▶ **Aim of the task**:
Begin at the line containing "Rüzgarın, Marmara, Ege" in the records below, end at the line containing "1 x Round Office", and retype each line in that span exactly. No other line and no image should appear.

▶ **Data shown**:
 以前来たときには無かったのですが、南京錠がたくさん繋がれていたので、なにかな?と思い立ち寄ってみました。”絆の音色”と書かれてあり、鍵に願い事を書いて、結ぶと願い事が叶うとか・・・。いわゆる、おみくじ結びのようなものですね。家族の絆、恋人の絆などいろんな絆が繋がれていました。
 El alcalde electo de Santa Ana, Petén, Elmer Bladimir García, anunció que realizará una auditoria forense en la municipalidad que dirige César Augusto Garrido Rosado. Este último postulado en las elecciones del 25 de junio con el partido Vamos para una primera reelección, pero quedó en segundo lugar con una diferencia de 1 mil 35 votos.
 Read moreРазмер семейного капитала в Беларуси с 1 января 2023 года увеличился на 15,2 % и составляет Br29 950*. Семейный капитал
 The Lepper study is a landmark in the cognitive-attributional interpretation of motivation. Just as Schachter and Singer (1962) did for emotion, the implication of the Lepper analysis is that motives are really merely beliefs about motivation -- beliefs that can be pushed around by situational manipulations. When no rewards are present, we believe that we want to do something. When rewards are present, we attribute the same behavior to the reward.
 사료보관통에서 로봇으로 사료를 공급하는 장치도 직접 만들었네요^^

==

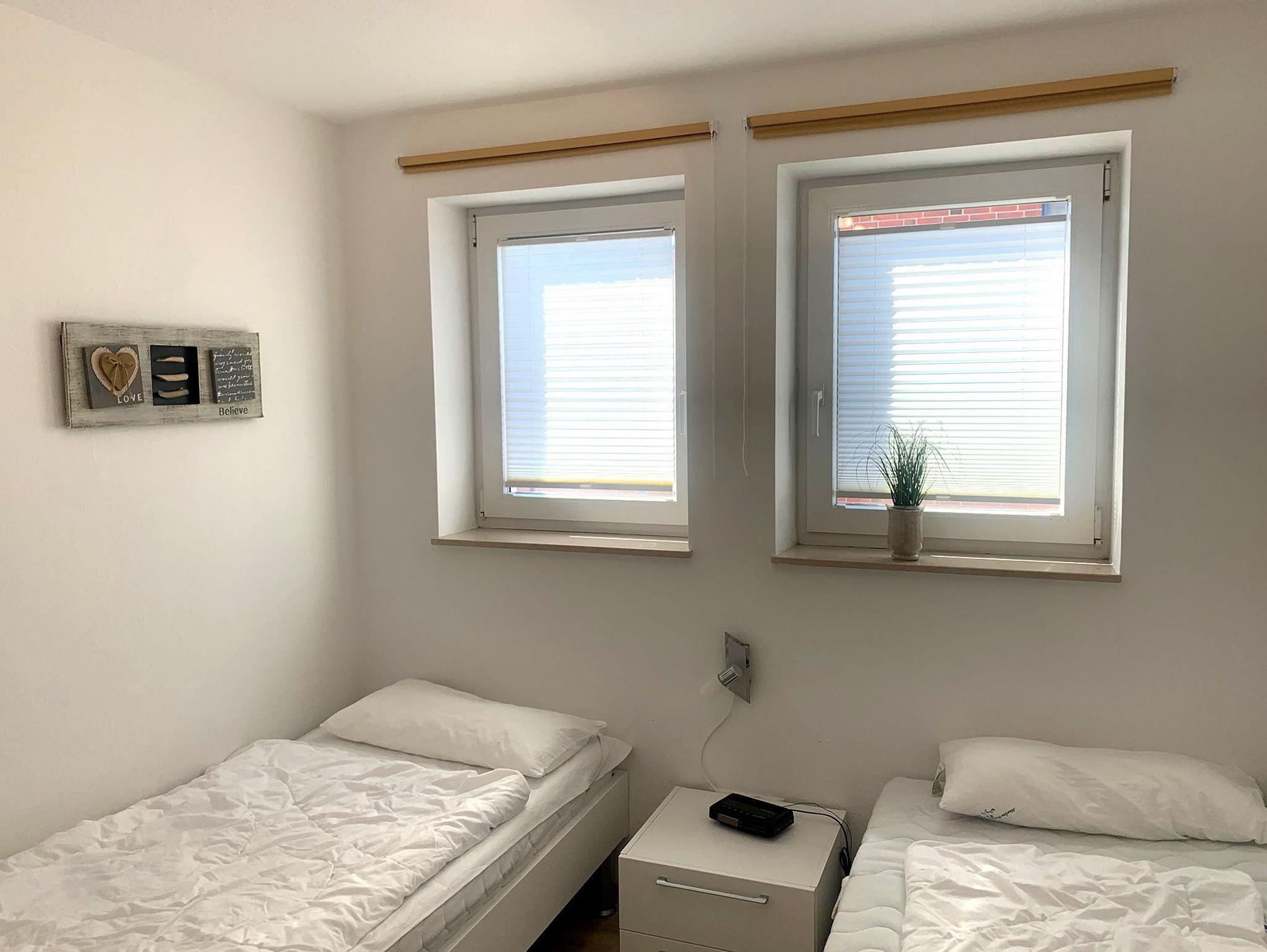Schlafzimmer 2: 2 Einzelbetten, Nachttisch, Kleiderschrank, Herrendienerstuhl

==

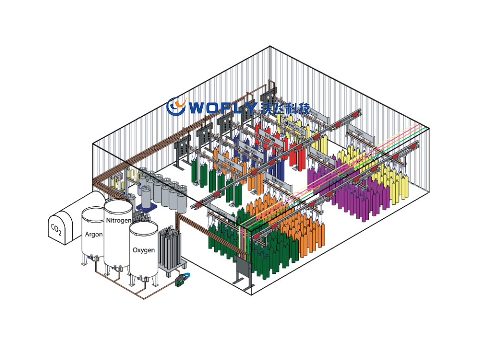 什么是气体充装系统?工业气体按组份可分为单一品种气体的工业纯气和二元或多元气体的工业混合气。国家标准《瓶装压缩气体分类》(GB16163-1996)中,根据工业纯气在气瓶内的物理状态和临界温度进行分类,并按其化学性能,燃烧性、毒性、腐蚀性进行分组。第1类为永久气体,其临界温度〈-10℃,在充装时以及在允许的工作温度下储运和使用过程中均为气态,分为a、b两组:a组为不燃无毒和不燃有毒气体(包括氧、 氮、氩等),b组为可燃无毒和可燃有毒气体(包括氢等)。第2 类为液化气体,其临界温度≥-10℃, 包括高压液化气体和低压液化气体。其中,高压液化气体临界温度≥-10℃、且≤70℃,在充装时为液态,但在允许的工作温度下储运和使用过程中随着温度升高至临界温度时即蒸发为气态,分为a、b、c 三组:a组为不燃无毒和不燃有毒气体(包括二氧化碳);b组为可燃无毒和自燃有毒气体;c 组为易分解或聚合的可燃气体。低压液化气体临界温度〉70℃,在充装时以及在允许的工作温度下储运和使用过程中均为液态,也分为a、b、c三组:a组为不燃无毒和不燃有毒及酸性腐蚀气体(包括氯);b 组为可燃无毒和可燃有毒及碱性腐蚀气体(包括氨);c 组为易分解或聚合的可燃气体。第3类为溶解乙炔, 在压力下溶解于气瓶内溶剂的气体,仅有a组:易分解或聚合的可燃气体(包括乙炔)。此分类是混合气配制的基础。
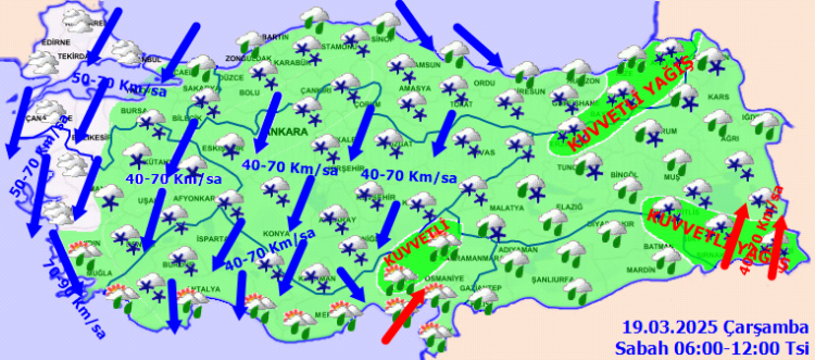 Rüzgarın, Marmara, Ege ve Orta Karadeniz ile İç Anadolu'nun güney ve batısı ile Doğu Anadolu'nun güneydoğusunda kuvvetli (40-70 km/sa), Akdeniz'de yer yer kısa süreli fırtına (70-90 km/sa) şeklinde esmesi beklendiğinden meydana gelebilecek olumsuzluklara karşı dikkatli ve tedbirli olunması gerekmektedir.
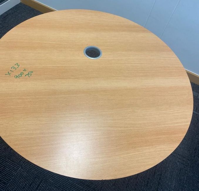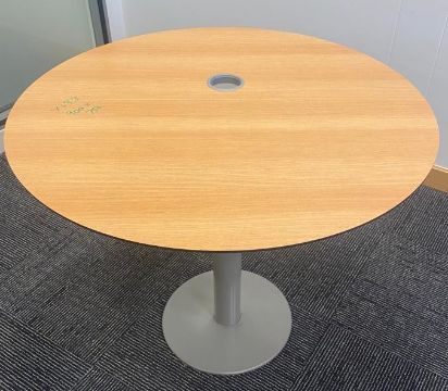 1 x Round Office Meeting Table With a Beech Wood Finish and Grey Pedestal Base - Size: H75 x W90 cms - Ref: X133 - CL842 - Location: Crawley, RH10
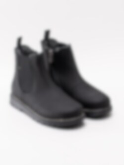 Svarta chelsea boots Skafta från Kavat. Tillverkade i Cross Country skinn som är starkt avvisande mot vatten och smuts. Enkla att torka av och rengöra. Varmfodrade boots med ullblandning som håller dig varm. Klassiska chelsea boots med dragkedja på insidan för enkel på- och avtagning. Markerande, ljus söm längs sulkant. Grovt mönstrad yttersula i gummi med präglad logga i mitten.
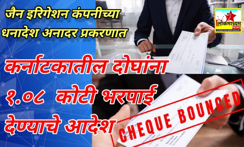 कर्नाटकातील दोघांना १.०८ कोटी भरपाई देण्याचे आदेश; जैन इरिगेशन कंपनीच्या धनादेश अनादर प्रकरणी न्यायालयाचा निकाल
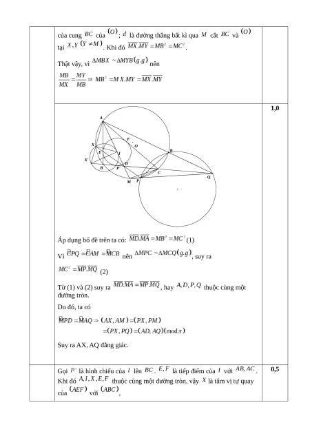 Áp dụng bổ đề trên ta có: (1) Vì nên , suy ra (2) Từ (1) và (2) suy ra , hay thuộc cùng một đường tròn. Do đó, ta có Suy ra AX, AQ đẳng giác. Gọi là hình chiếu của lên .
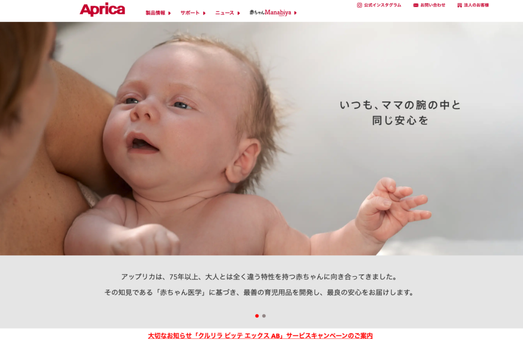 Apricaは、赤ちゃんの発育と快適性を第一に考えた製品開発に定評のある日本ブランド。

▶ **Result of this task**:
 Rüzgarın, Marmara, Ege ve Orta Karadeniz ile İç Anadolu'nun güney ve batısı ile Doğu Anadolu'nun güneydoğusunda kuvvetli (40-70 km/sa), Akdeniz'de yer yer kısa süreli fırtına (70-90 km/sa) şeklinde esmesi beklendiğinden meydana gelebilecek olumsuzluklara karşı dikkatli ve tedbirli olunması gerekmektedir.
 1 x Round Office Meeting Table With a Beech Wood Finish and Grey Pedestal Base - Size: H75 x W90 cms - Ref: X133 - CL842 - Location: Crawley, RH10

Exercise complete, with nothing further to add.